Your objective: Output the listing verbatim, leaving out every picture.

Record set:
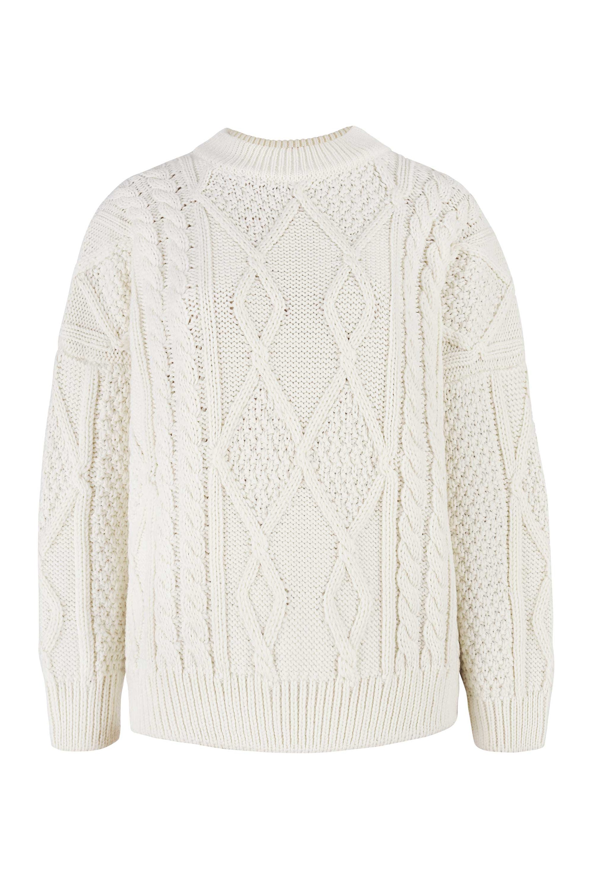 Nonna Zopfmusterpullover aus 100 % Merinowolle Weiß
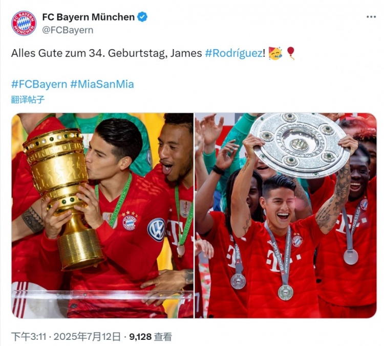7月12日訊 今天是哥倫比亞球星哈梅斯-羅德里格斯的34歲生日,老東家拜仁為他送上祝福。
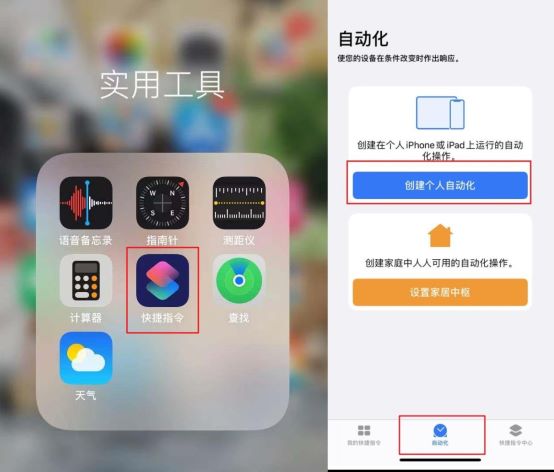 打开快捷指令app,点击自动化,点击创建个人自动化
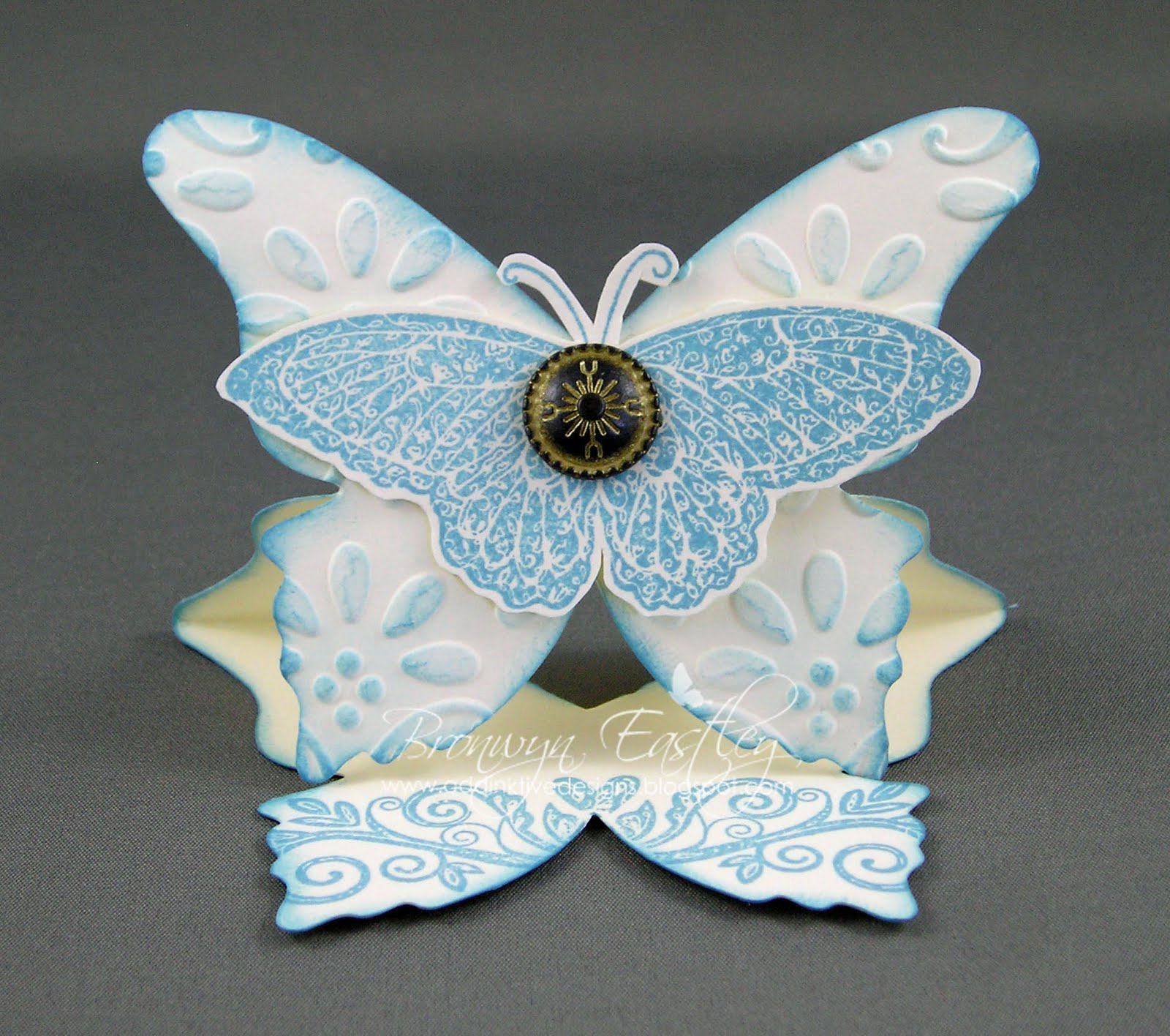Hi Bronwyn. I was over at Marelle Taylor's this morning looking through her convention swaps and came across one of your butterfly easel cards. It's even prettier in real life :)
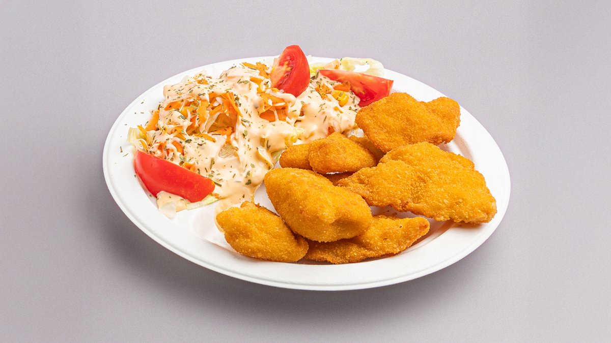 8 db csirkemell nuggets, primőr salátamix, ezersziget öntet- a kép illusztráció
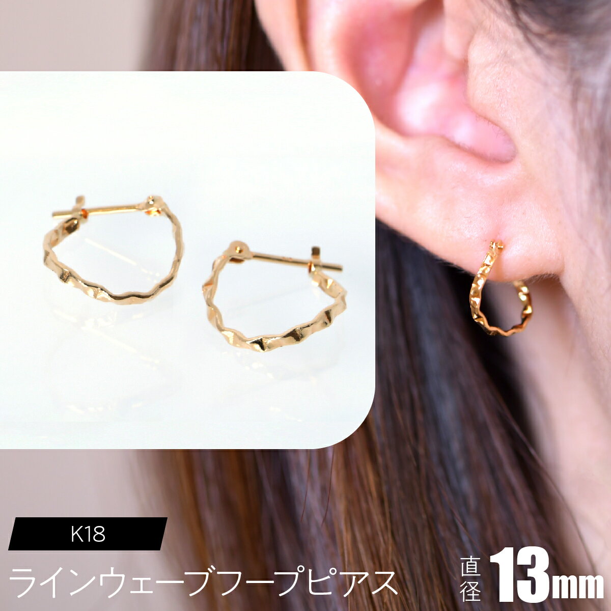 【ふるさと納税】K18 ラインウェーブフープピアス【えらべるサイズ】SWCA038 ふるさと納税 K18 18金 ピアス フープピアス ジュエリー 昭和町 山梨県 送料無料
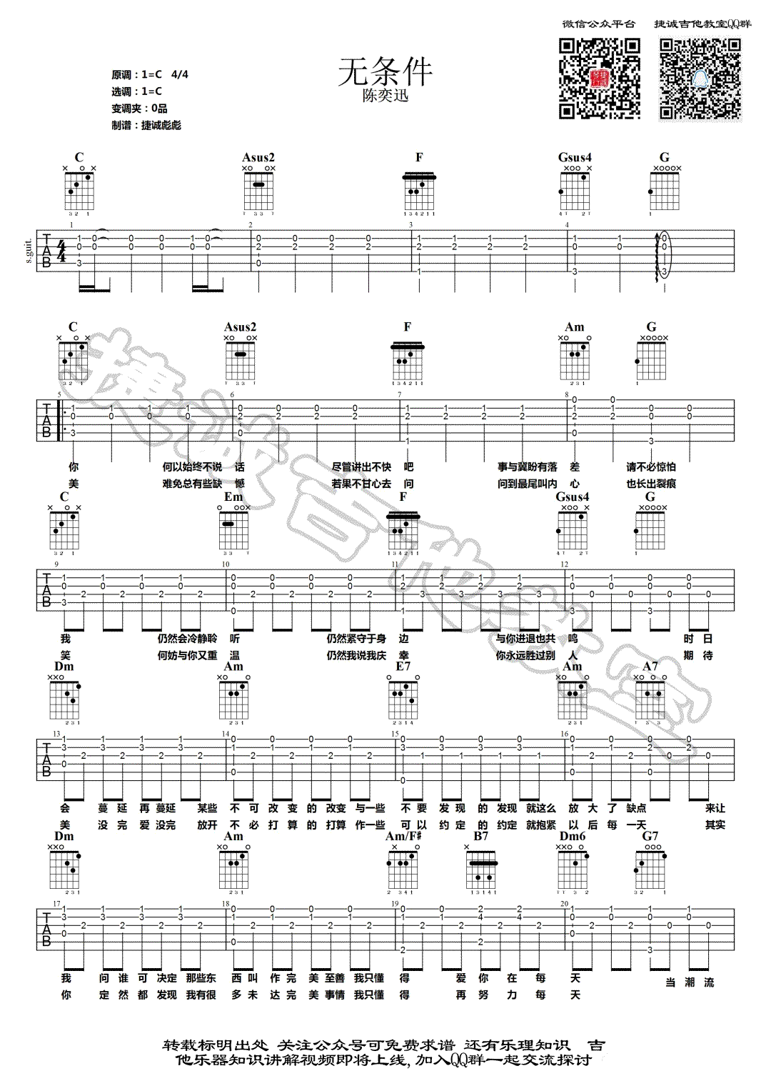 - 无条件吉他谱_陈奕迅_C调弹唱谱_吉他教学视频
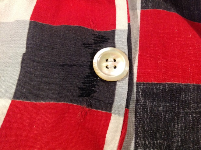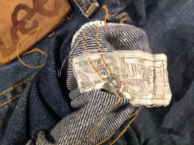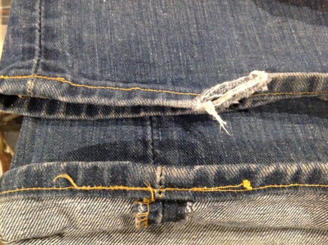 レザーパッチのステッチのほつれと左裾の擦れがあります。
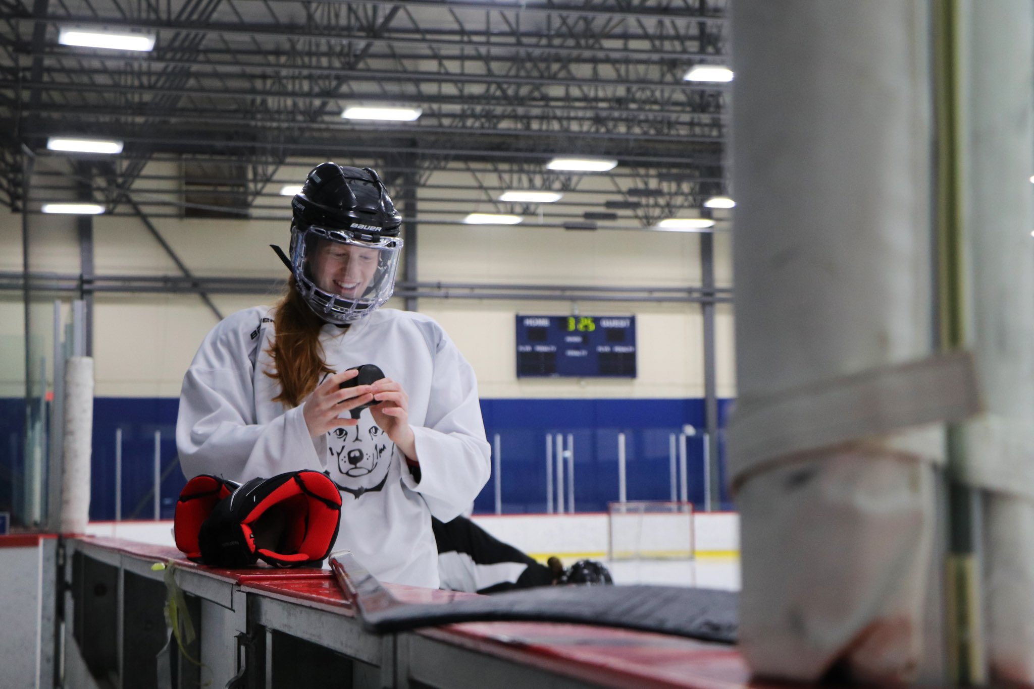 Huskies captain Bailee Bourassa prepares to take the ice for a shortened practice at the UBC Thunderbirds arena on March 10, 2022. (Daniella Ponticelli/HuskieFAN)

Answer to this problem:
 Nonna Zopfmusterpullover aus 100 % Merinowolle Weiß
7月12日訊 今天是哥倫比亞球星哈梅斯-羅德里格斯的34歲生日,老東家拜仁為他送上祝福。
 打开快捷指令app,点击自动化,点击创建个人自动化
Hi Bronwyn. I was over at Marelle Taylor's this morning looking through her convention swaps and came across one of your butterfly easel cards. It's even prettier in real life :)
 8 db csirkemell nuggets, primőr salátamix, ezersziget öntet- a kép illusztráció
 【ふるさと納税】K18 ラインウェーブフープピアス【えらべるサイズ】SWCA038 ふるさと納税 K18 18金 ピアス フープピアス ジュエリー 昭和町 山梨県 送料無料
 - 无条件吉他谱_陈奕迅_C调弹唱谱_吉他教学视频
 レザーパッチのステッチのほつれと左裾の擦れがあります。
 Huskies captain Bailee Bourassa prepares to take the ice for a shortened practice at the UBC Thunderbirds arena on March 10, 2022. (Daniella Ponticelli/HuskieFAN)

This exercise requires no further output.